Hemen birinci soruna geçeyim;
Sitemize yaptığınız yorumlarda Türkiye’de kullanılan ilaçların size hiç fayda etmediğini, dünyada kullanılan çok daha iyi ürünler olduğunu söylemiştiniz. Bu konuda biraz daha bilgi verir misiniz, Türkiye’de ve Güney Afrika’da kullandığınız ürünler nelerdi, ne bakımdan iyi veya kötüler, nasıl kullanılıyorlar?
Cezaevindeyken bana Stoctrine ve Truvada verildi. Samatya Hastanesi’ndeki doktora ne tür ilaçlara ihtiyacım olduğunu açıklamaya çalıştım, bana Türkiye’de bu tür ilaçlar bulunmadığını ve Sağlık Bakanlığı’nın sırf benim için bunları sipariş edemeyeceğini, zira bu ilaçların Türkiye’de hiç kullanılmadığını çünkü bu virüsün bu ülkenin problemi olmadığını, sabredip bana ne veriliyorsa onu almamı söyledi.

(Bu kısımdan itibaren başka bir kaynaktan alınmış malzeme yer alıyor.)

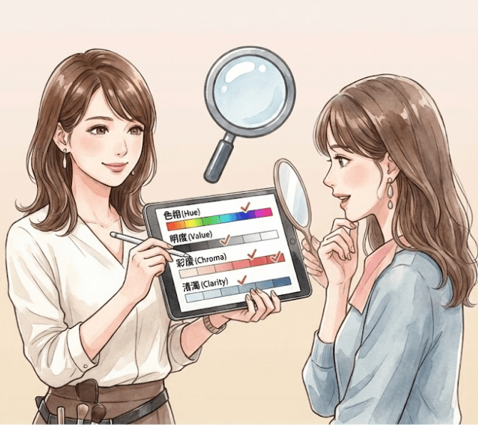色相・明度・彩度・清濁のどの要素が影響しているのかを言語化できるサロンは、分析が整理されています。

Şu anda kullandığım ilacın adını size vermem yasal olur mu bilmiyorum. Sağlık sisteminde yeni bir ilaç bu, Dünya Sağlık Örgütü tarafından keşfedilip hastalara verilir verilmez kullanmaya başladım ve durumum hemen düzeldi.
İlaçlarımı alamayınca, tedavi edilmeyince yürüyemez oldum
Türkiye’deyken, hapishaneye girmeden önce ve hapishanedeyken size aynı ilaçlar ve tedavi mi uygulandı?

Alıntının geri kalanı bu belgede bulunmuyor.